**EXERCISE BRIEF**
In the entries below, find the line with "Haryana Vidhan Sabha Recruitment", then set it down exactly along with each line after it to the end, skipping any pictures.

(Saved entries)
=== Begin Enclosure ===
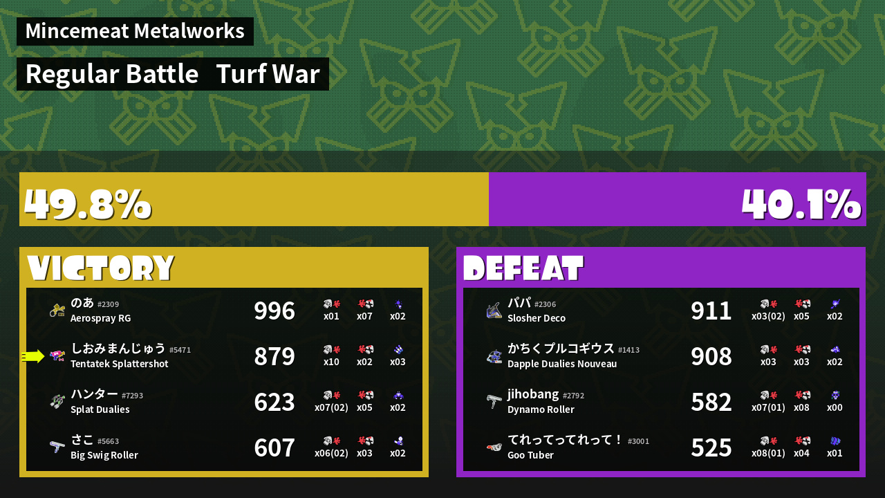 | Medals | #1 Overall Splatter #1 Enemy-Base Inker #1 Enemy Splatter | ||
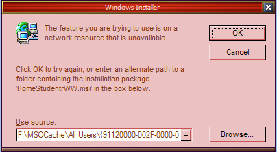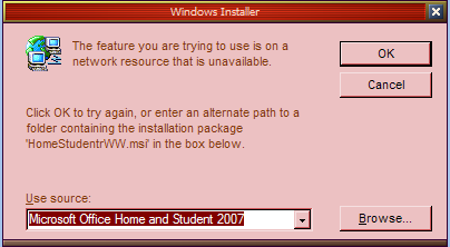 Инсталисао је шта је већ хтео, па да пробам поново. Лансирање Ексела двокликом на цсв фајл одмах изазива да setup.exe (који? на диску их имам на десетине) покуша да зове 84.53.144.9:80. Кад му то не дам, то покуша msiexec.exe, одбијем и њега. За то време, Пенџеријски инсталатер (пардон, Инсталатер) каже исто што и на трећој слици, јер је опет заборавио где ми је инсталациони диск. Друго место које нуди је опет f:\MSOCache... исти стари непостојећи директориј; блажено поњатија нема да је у међувремену направио нов. ОК, водим га на деведе јединицу. Кад кликнем на Browse оде право где треба на деведеу - значи знао је где треба да гледа, осим што није (!).
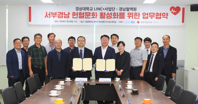 강상수 경상대 LINC+사업단장은 "이번 업무 협약과 헌혈스위치 공모전을 통해 헌혈에 대한 서부경남 지역민의 인식을 개선하고 헌혈을 장려하는 등 헌혈 문화 개선에 앞장서 나갈 것"이라고 말했다.
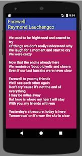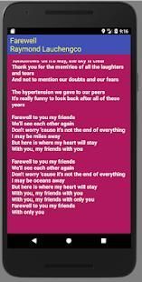 Full lyrics of the song "Farewell (To You My Friend) by Raymond Lauchengco.
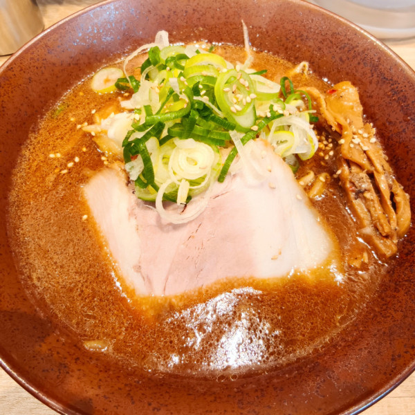 東京都千代田区九段北1-7-3マップで見る赤味噌ラーメンの動物清湯出汁に八丁味噌と牡蠣のスープは熱々の濃目で宛ら名古屋のどて煮の様な味わい。麺は加水高目の中太スト麺でもちもち弾力。蓮華の素材とカーブ良好。途中生卵をオーダーしすき焼きの様にして旨し。
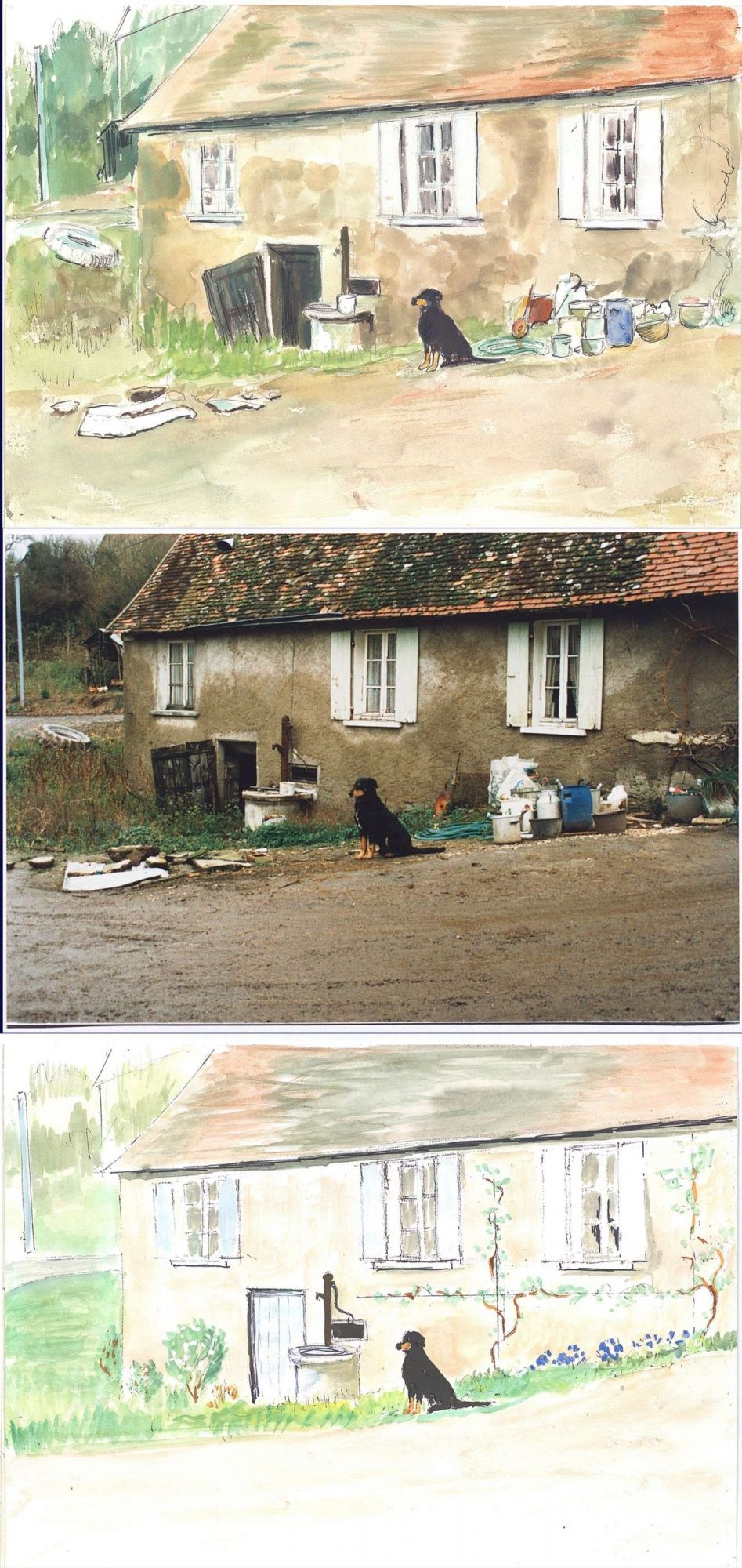 Dans le cadre d’un projet de valorisation du cadre de vie des exploitations agricoles dans l’Indre, le service environnement a constitué tout un dossier de « réflexions » qui s’accompagne de photographies et de dessins. Ceux que nous avons ici sélectionnés concernent une ferme du canton d’Écueillé. Les aquarelles ont été peintes par René Pêcherat d’après les photographies.
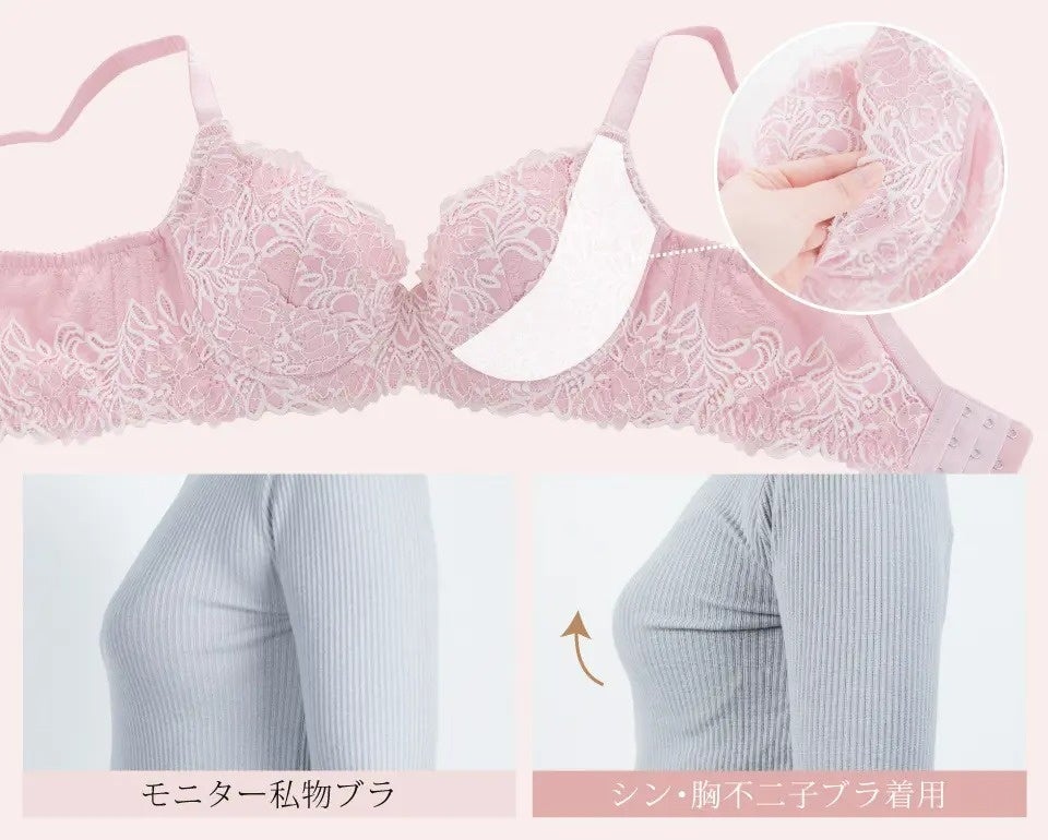 下着を作り続けて45年以上というベテラン職人の知見を詰め込んだ立体設計だからこそ、平置きの状態でもこの立体感と寄り感!バストに負担がかかるパッドで無理に寄せたり上げたりするのではなく、薄手の立体カップで自然なボリューム感に整えてくれます。(左右差を調整するための薄手のパッドは付属しています)
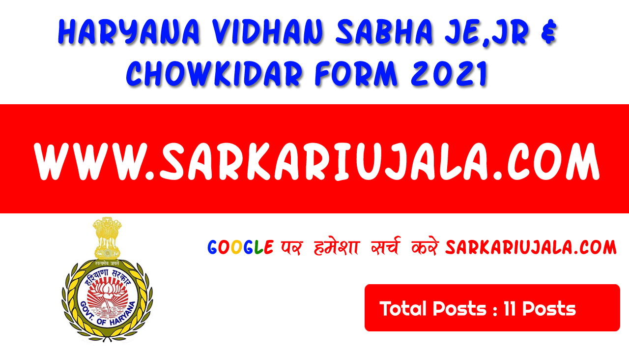 Haryana Vidhan Sabha Recruitment 2021Post Name – Reporter ,Junior Engineer,Jr. Scale Stenographer,Record Restorer,Chowkidar,Frash(Haryana Vidhan Sabha) | |||||
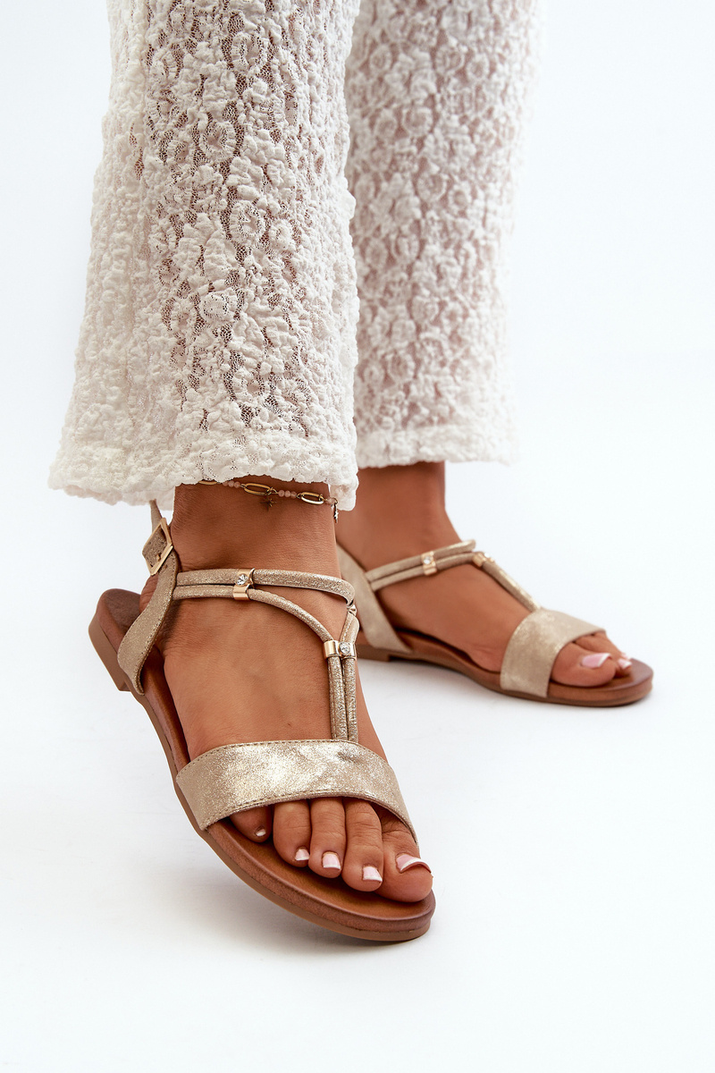 Dámske Ploché Sandále S Páskami S.Barski KV27-010 Zlaté
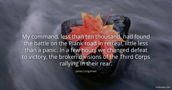 Longstreet, James. "My command, less than ten thousand, had found the battle on the Plank road in retreat, little less than a panic. In a few hours we changed defeat to victory, the broken divisions of the Third Corps rallying in their rear." FixQuotes. January 17, 2026. https://fixquotes.com/quotes/my-command-less-than-ten-thousand-had-found-the-56444/.
=== End Enclosure ===
**EXERCISE ANSWER**
 Haryana Vidhan Sabha Recruitment 2021Post Name – Reporter ,Junior Engineer,Jr. Scale Stenographer,Record Restorer,Chowkidar,Frash(Haryana Vidhan Sabha) | |||||
 Dámske Ploché Sandále S Páskami S.Barski KV27-010 Zlaté
 Longstreet, James. "My command, less than ten thousand, had found the battle on the Plank road in retreat, little less than a panic. In a few hours we changed defeat to victory, the broken divisions of the Third Corps rallying in their rear." FixQuotes. January 17, 2026. https://fixquotes.com/quotes/my-command-less-than-ten-thousand-had-found-the-56444/.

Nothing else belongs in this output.